Die erste Nacht ist gut verlaufen, wobei ich jetzt schon den Schlafmangel spüre. In der Nacht hatten wir einen blinden Passagier an Bord, ein Vogel, der sich stundenlang bei uns ausgeruht hat.
7.5.2026
Seit 1 ½ Tagen herrscht Flaute, und zwar so richtig. Wir müssen leider motoren. Das Positive daran ist, dass wir schon zweimal schwimmen waren. Und zum Kochen ist es auch angenehm ruhig.

Vorgestern hat Alex einen Bonito gefangen, aus dem Andi gestern früh ein Avocado Thunfisch Tatar gemacht hat, köstlich! Eigentlich war es ein Versehen, Alex wollte am Abend die Angel hereinholen und plötzlich war doch ein Fisch dran!


Gestern hatten wir einen Mahi Mahi an der Angel, viel größer als der erste Fisch. Er hat ziemlich gekämpft. Am Abend haben wir die Hälfte davon gegessen, heute ist der Rest dran.

Durch das Motoren hat sich der Motor so angehört, als ob der Diesel Filter zu wechseln, wäre, daher haben wir einen der redundanten Filter getauscht, zur Sicherheit, nachdem was im Mittelmeer schon alles passiert ist. Wir ist gut, die Männer natürlich.
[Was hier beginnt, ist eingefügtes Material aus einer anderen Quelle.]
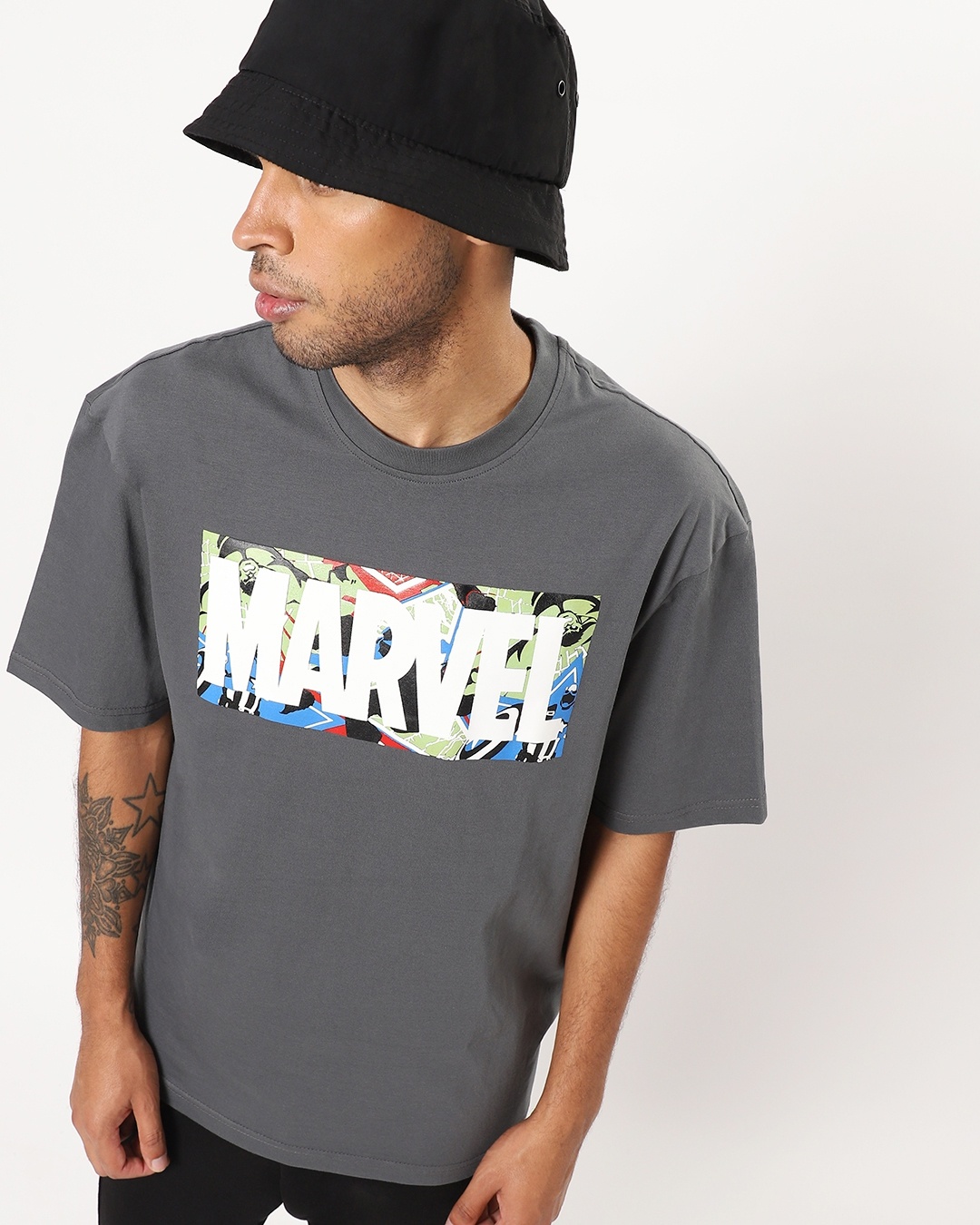Men's Grey Marvel Typography Oversized Fit T-shirt

Damit man die ruhige Zeit sinnvoll nutzt, probiert Andi sich an Astronavigation. Es ist ein komplexes Rechenschema, die Genauigkeit, die wir bräuchten um damit unser Ziel zu finden, erreichen wir nicht. Aber es bleibt ja noch Zeit zum Üben.

Wir hoffen, dass unser Wetterfrosch recht hat und dass wir in ca 300 Meilen wieder Wind haben. So ist es auf Dauer öde, wir wollen ja Segeln!

11.5.2026
In der Zwischenzeit hat Alex einen weiteren Mahi Mahi gefangen, noch größer als der erste. Er hat ziemlich gekämpft. Wir haben den Code Zero gesetzt und sind damit ein bisschen gesegelt. Einen Tag nämlich gestern hatten wir guten Wind, heute wieder sehr wenig. Simon schreibt uns täglich auf seine sehr amüsante englische Art, dass es weiter keinen Wind geben wird und vertröstet uns auf irgendwann später.

Um uns die Zeit zu vertreiben waren wir mehrmals schwimmen, herrlich ist das Wasser uns viel wärmer als erwartet. Und natürlich mussten Peter und Andi OHell spielen lernen das Wassermannsche Familienspiel, das wir von Lidwina gelernt haben. Nicht zu vergessen kümmern wir uns um herrliches Essen jeden Abend, mit frischem Fisch ist das auch leicht.
Gestern zum Muttertag haben sich meine Buben ganz lieb gemeldet. Es geht Ihnen in Zürich ganz wunderbar, wir hoffen, dass sie auch studieren! An Bord fehlen sie uns schon, so schön war die gemeinsame Zeit hier auf der Vision.
Das Wetter ist etwas kühler geworden aber immer noch heiss. In der Nacht merken wir, dass wir doch auch Richtung Norden fahren. Wir hoffen in den nächsten Tagen weiter auf Wind!